Swap dogs for crap mortgages or government debt and that's pretty much the situation in Europe and the US in 2007.
As for what Greece has done with the money (which is equivalent to nearly USD300k per person of working age in Greece) and you have 30+ years of a massive state enterprise, a very generous welfare state, inefficient tax collection from a badly designed system and huge tax evasion issues.
As the final layer of icing, the declining competitiveness Greece was experiencing towards the end of the 1900s was an issue when they had their own currency (which devalued hugely from GBP1:GRD250 in Jan '90 to GBP1:GRD320 in Jan '93 to GBP1:GRD530 in Dec '99 - that's a 50% drop) became critical when they joined the Euro and could no longer devalue to improve their export demands.

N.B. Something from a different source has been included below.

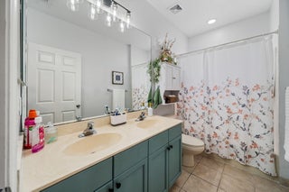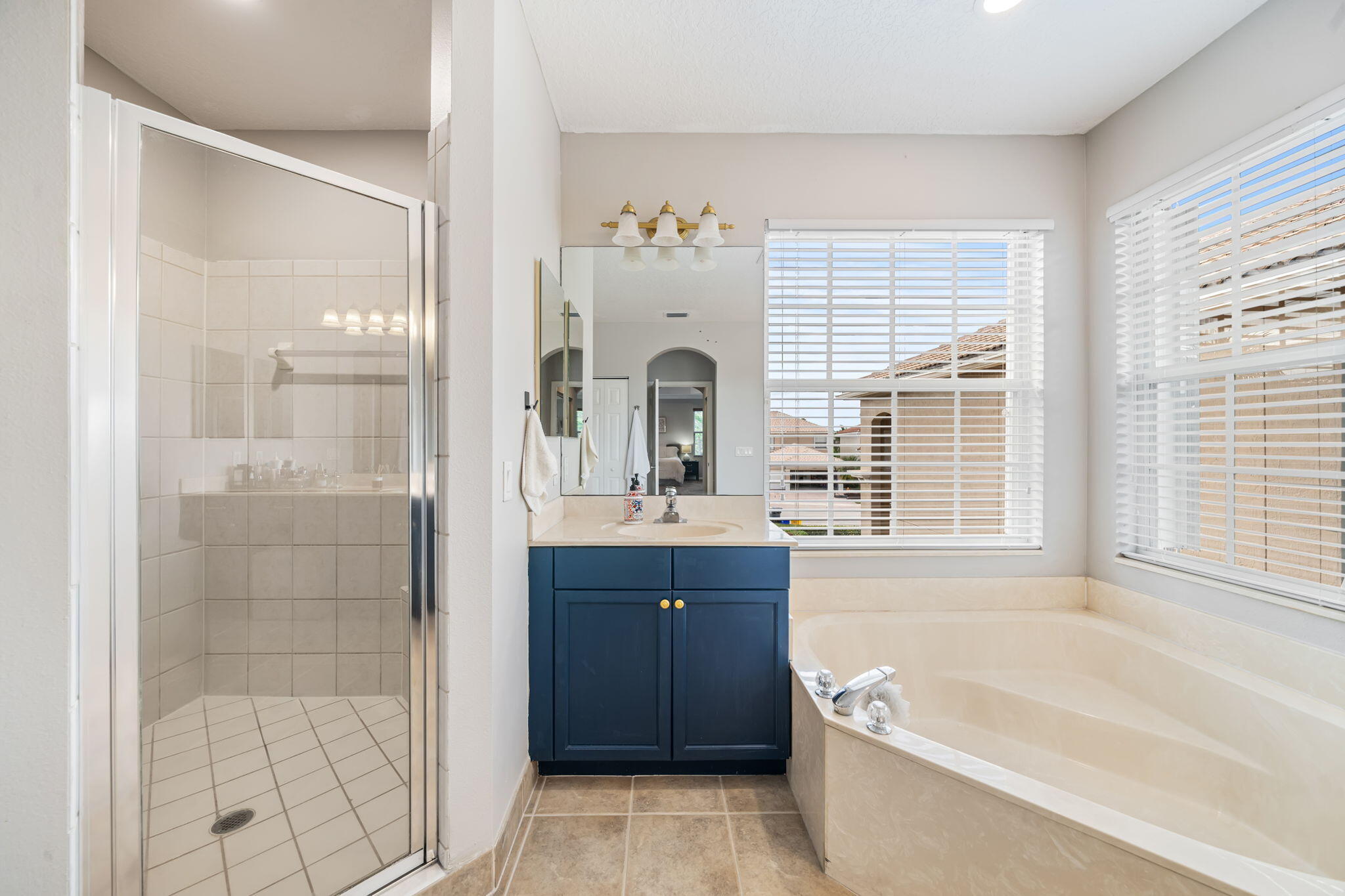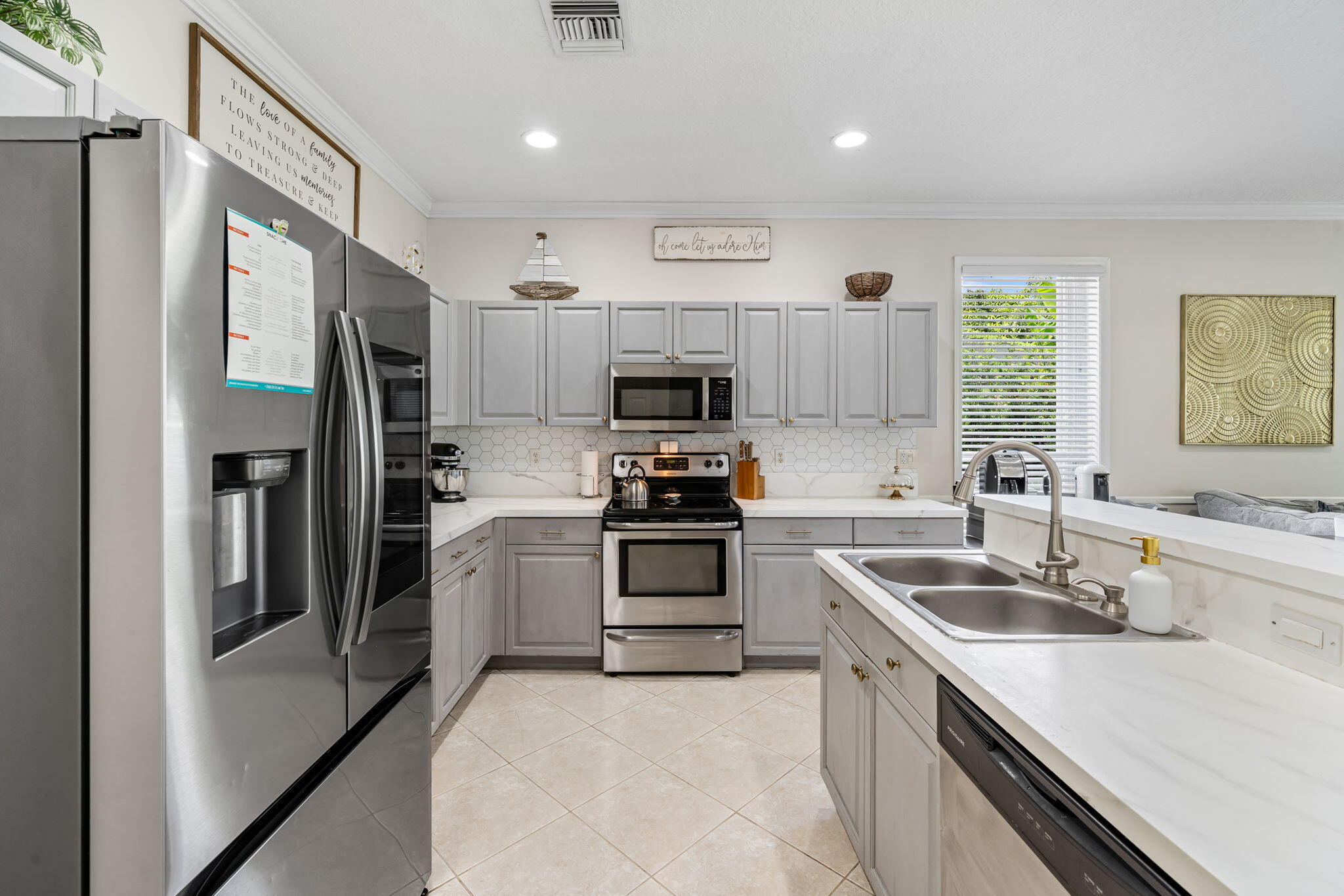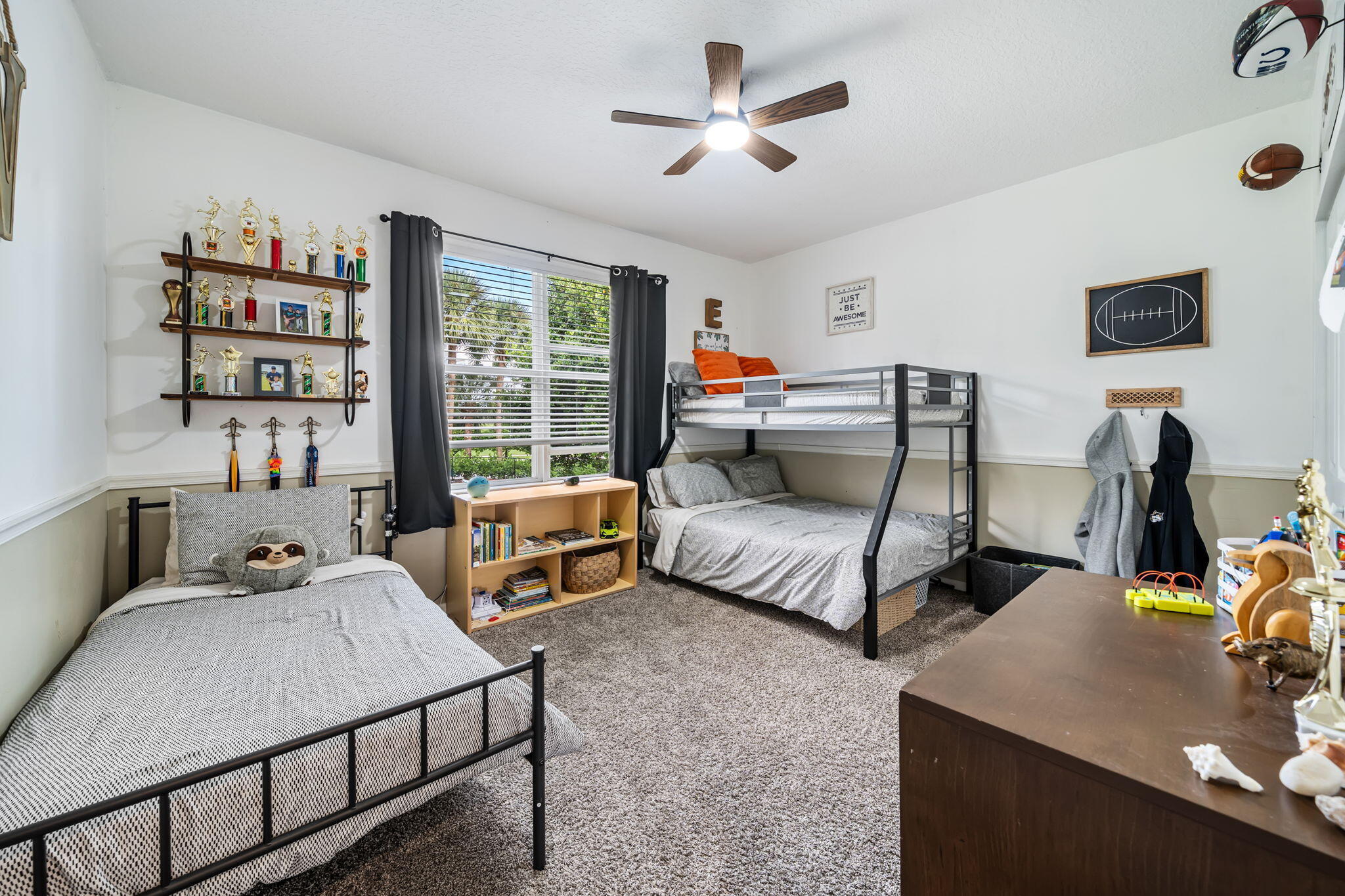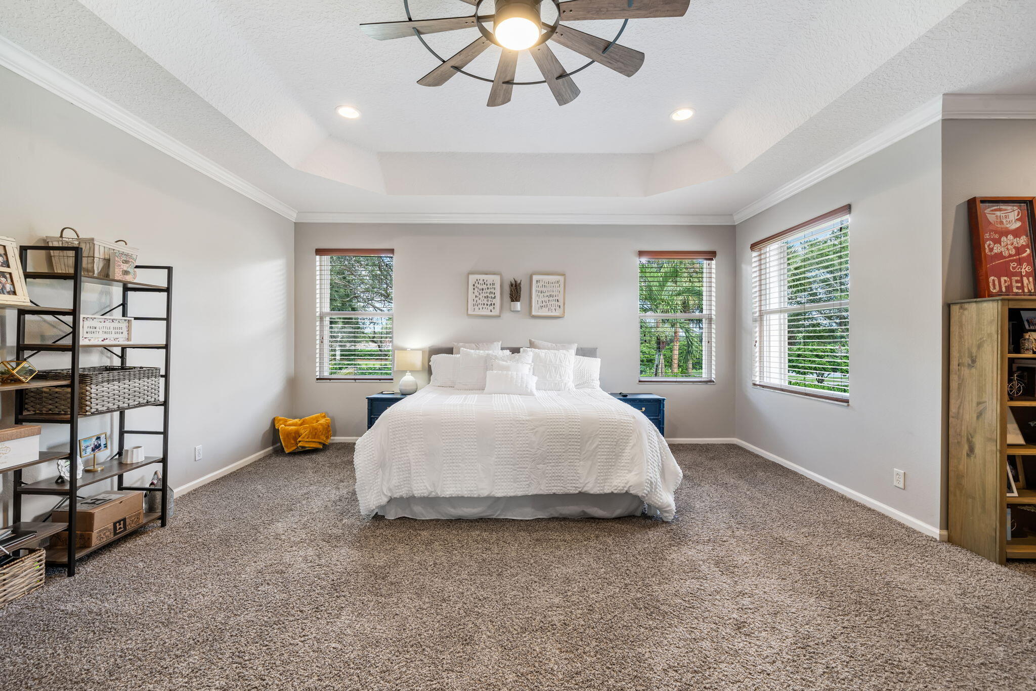 Welcome to this beautifully maintained 5-bedroom, 3-bath home tucked away on a quiet cul-de-sac in the desirable gated community of Wellington Shores. This spacious residence offers a thoughtfully designed floor plan featuring a seamless outdoor indoor flow and a large eat-in kitchen overlooking the family room, perfect for everyday living and entertaining. Offering one full bedroom and a full bathroom on the first floor, there is convenience and flexibility for guests or multigenerational living.Upstairs, you will find an additional 3 spacious bedrooms as well as the primary suite which serves as a peaceful retreat with a private sitting area--ideal for a home office or cozy reading nook.Notable features include, freshly painted interior, new hot water heater, fully fenced yard, accordion shutters and more! This move in ready home combines comfort, style, and functionality. Residents of Wellington Shores enjoy resort-style amenities, including a clubhouse with fitness and social rooms, a heated pool with sundeck, tennis and pickleball courts, and scenic walking and jogging trails. This family friendly community also features a virtual guard gate and is surrounded by picturesque lakes all within minutes of Wellington's top-rated schools, equestrian venues, dining, and shopping. Come experience the lifestyle that makes Wellington Shores one of the most sought-after communities in the area!

As an aside, anything the Greek government borrowed in a foreign currency would have interest and principal needing to be repaid in a foreign currency, and that foreign currency was twice as expensive at the end of 1999 as it was at the start of 1990.
BTW, if your daughter still wants to know more details, Neil, she is probably as nerdy as I am
and will enjoy spending an hour or two nosing around the
OECD's tables.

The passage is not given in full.